Pretend each of the rows in the above image are unique rows taken from unique matrices (what I am trying to say is that each row above is not correlated, they are all unique). Let me deal with each row in a dot point:

  1. If we take a look at the first row you should be able to tell that x1 and x4 are both mines because that is the only way that they will equal 2.
  2. If you look at the second row you can see that both x1 and x4 must not be mines because that is the only possible solution for x1 + x4 = 0 when the only potential values for any x are ones and zeroes.
  3. The third row is interesting because it has a negative number, that means that the equation is x1 – x4 = 1. This can only be true if x1 is a mine and x4 is not. Now things start to get interesting, clearly we need some concept of a minimum and maximum bound for each equation. In this example the maximum value the equation could take is 1 and the minimum value that it could take is minus one. Since this row meets that upper bound we can solve for it.
  4. This is the same as the previous example except that it meets the lower bound. This also means that we can solve for it.

As we can see the general solution to getting more information from each row is to to work out the lower and upper bounds and see if the value on the other side of the equality is the same as one of the bounds. If it is then you know that there is only one possible configuration of mines that will allow that to occur and you can quickly rattle that off. Because of that uniqueness property you can only apply this rule to a row if it is equal to an upper or lower bound; if it does not then multiple solutions are possible and you have strayed into the area of probabilistic analysis that this blog post will not attempt to cover. This grid shows what logic you use, on a per-square basis, to partially solve the matrix:

Co-Efficient is Positive Co-Efficient is Negative
Row meets lower bound Not Mine Mine
Row meets upper bound Mine Not Mine
Row meets neither bounds Unsure Unsure

You can use this rule on any Gaussian Eliminated Minesweeper matrix to get partial solutions from rows. Just so that you can really see how that works here is a rough algorithm (and here is a link to the actual C++ code):

Set the maximum bound and minimum bound to zero
For each column in the row (not including the augmented column of course) if the number is positive add it to the maximum bound and if it is negative then add it to the minimum bound.
If the augmented column value is equal to the minimum bound then
   All of the negative numbers in that row are mines and all of the positive values in that row are not mines
else if the augmented column value is equal to the maximum bound then
   All of the negative numbers in that row are not mines and all of the positive values in that row are mines.
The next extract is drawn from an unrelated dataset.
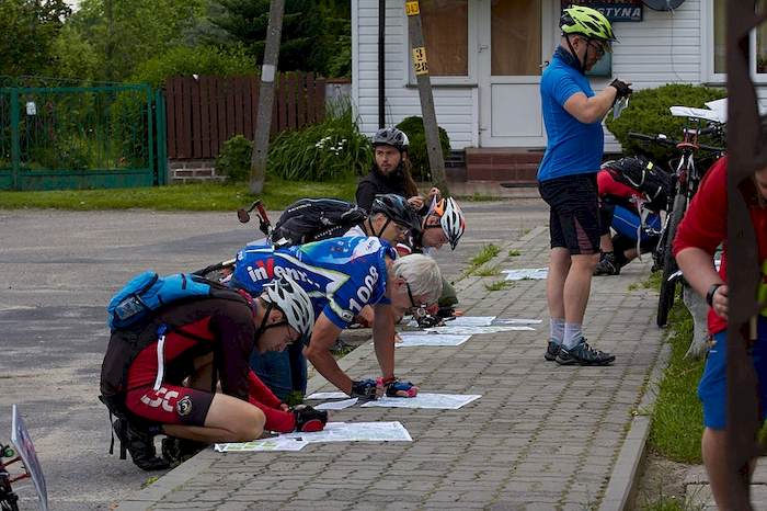 Żeby dostać się do kolejnego punktu najkrótszym wariantem musiałbym pokonać pas porośniętego bujną roślinnością i być może podmokłego lasu. Po kilku metrach wycofuję się. Trzeba znaleźć najbliższą drogę/przecinkę i objechać niemożliwy do pokonania teren. Z przeciwnej strony nadjeżdża Piotr Buciak. Jak się okaże na mecie zwycięzca zawodów, który znokautował swoim wynikiem pozostałych uczestników.

Finishing the Simple Example

So now lets wind back to the Gaussian Eliminated matrix. As we can see the only row that we can apply this rule to is row 3 which tells us that x3 is a mine. Therefore we can flag that square:

This is the final result of our simple minesweeper configuration.

The final result of our simple minesweeper configuration.

And that is it for our simple example, we have worked out as much as we possibly can without more information. The game is still in progress but if we want to move forward we would have to make a guess or some probability based decision that could fail. This method of solving Minesweeper only works for grids that are completely solvable without guesswork and it is my future plan to expand this method to include probabilistic analysis as well.

The Robust Algorithm

Taking what we have learned from the simple example we can create an algorithm that is a fair bit more robust:

  1. Get a list of the squares that contain numbers AND are adjacent to at-least one square that has not been clicked or flagged. (code link)
  2. For every numbered square in the list assign a unique matrix column number to that square. This is so that we can map our Matrix columns to Minesweeper squares. (code link)
  3. For every numbered square in the list create a matrix row that represents the adjacent non-clicked squares and the number they touch. Don’t forget to put zeroes in all of the matrix columns that are not adjacent. (code link)
  4. Gaussian Eliminate the Matrix. (code link)
  5. Attempt to use standard matrix reduction, and the special rule that we developed, to get a partial (or even full) solution to the the current Minesweeper configuration. Remember to tackle the matrix from the bottom row up so that you can make use of partial solutions as you go. (code link)
  6. Use the (possibly partial) solution you worked out to generate the list of clicks that should be made: flagging known mines and clicking known empty squares. Leave everything else alone and wait for more information. (code link)
  7. Keep running all of the previous steps in a loop until you either cannot make any moves (meaning that you cannot get further without guessing) or until the game is finished and won. (code link)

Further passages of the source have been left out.